The Twist of Moslem Wear Style

Three of Indonesian prominent designers ended the second day of Jakarta Fashion Week 2014 by holding a fashion show “Moslem Luxury Designers” on Sunday (10/20/2013). The show reflected innovation in Moslem style. The Moslem collection of Itang Yunasz, Deden Siswanto, and Ronald V. Gaghana received a standing ovation from the audience. It was because of not only the embodied innovation, but also the way the designers balance the luxury aspect with ready-to-wear collection. 
The show was opened by Yunasz’s creation under his label Kamilaa that was inspired by a story of a woman’s journey to Turkey. His design strokes were dominated by loose silhouette. The festive and vibrant Islamic ornamental motifs instantly gave the impression of luxury. A loose-cut caftan was perfectly combined with a multifunctional shawl that could be uniquely used for scarf or turban. Muslim elements appeared in conservative designs and still looked playful in progressive cuttings fit for young people.
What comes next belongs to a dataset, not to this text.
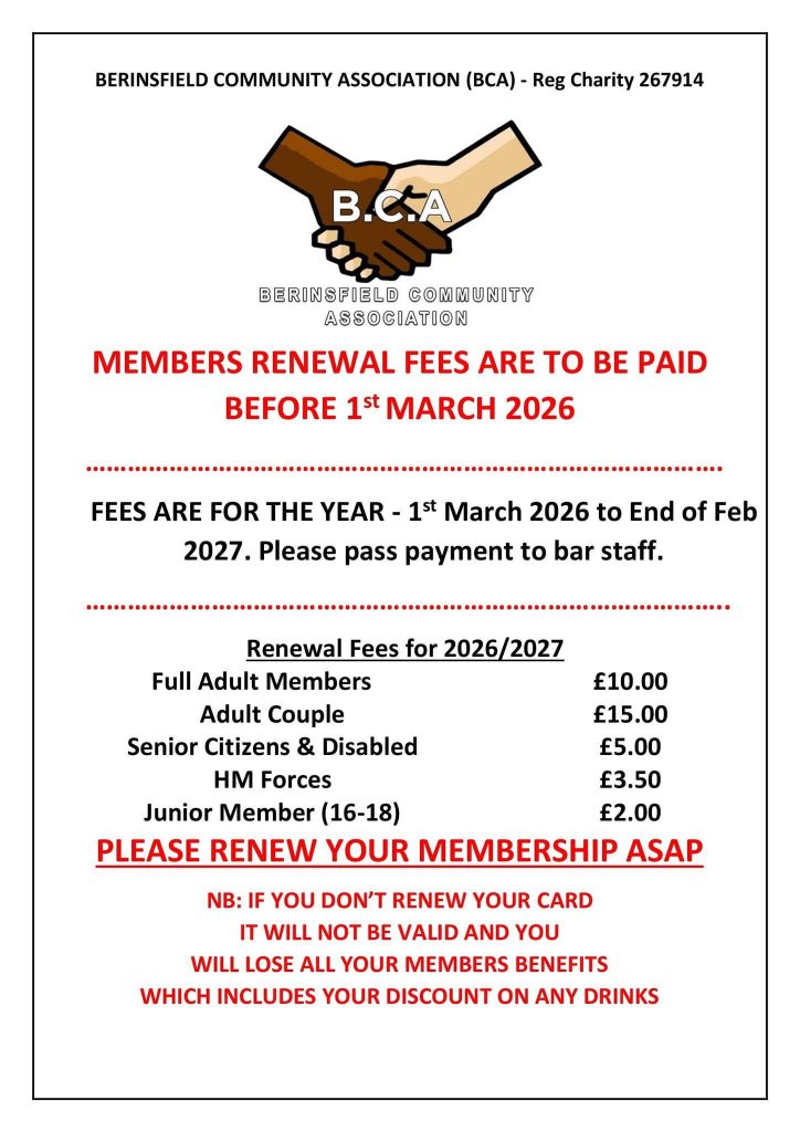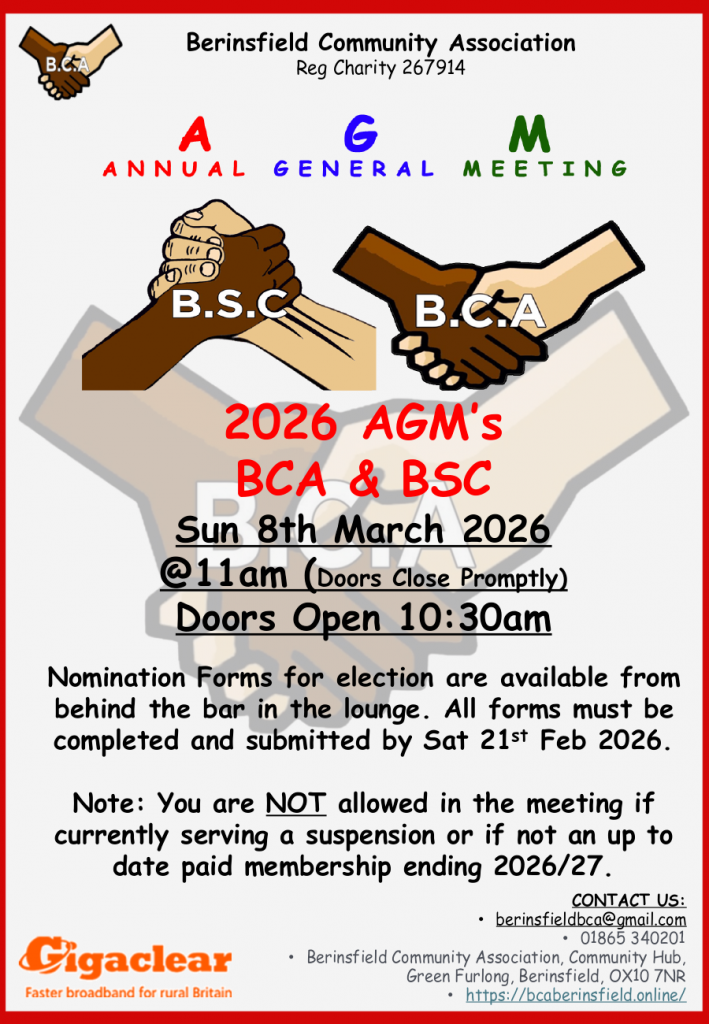 The Berinsfield Community Association and Social Club are holding their Annual General Meeting on the 8th March. Renewed members only and you must be in the meeting before 11 am. Doors shut promptly and latecomers are not admitted.

Meanwhile, through his collection, Siswanto showed his expertise in processing the weaving of Riau, Indonesia. The aesthetics of color revolved around dark palette with a touch of multilayer, producing luxurious and exotic looks. One of his collections like coats combined with long robes and layered with shawls just delivered a spectacular impression to the audience. Generally, modern women today who wore hijab put on a trench coat when visited winter countries; therefore, Gaghana’s collection offered astonishing alternative winter clothing.
Gaghana’s collection was another impressive thing. It used three embroidery techniques of Chinese, Morocco, and Turkey. Silk, satin, and chiffon materials processed in subtle pattern that made the whole dress floaty, allowing the models to freely move around on the catwalk. Pastel colors appeared not only in 14 dresses made of lightweight materials, but also in necklaces, sequins, shawls, and veils, that dominated with pink and light blue. Sequins accent that was embellished the collar and veil made the outfits appeared glamorous, without appearing superfluous. As if in order to keep the understated impression of veiled Moslem women, every piece of clothing was loosely made, but still willowy enough. To conclude, Ronald successfully brought up an eye-pleasing feminine final look.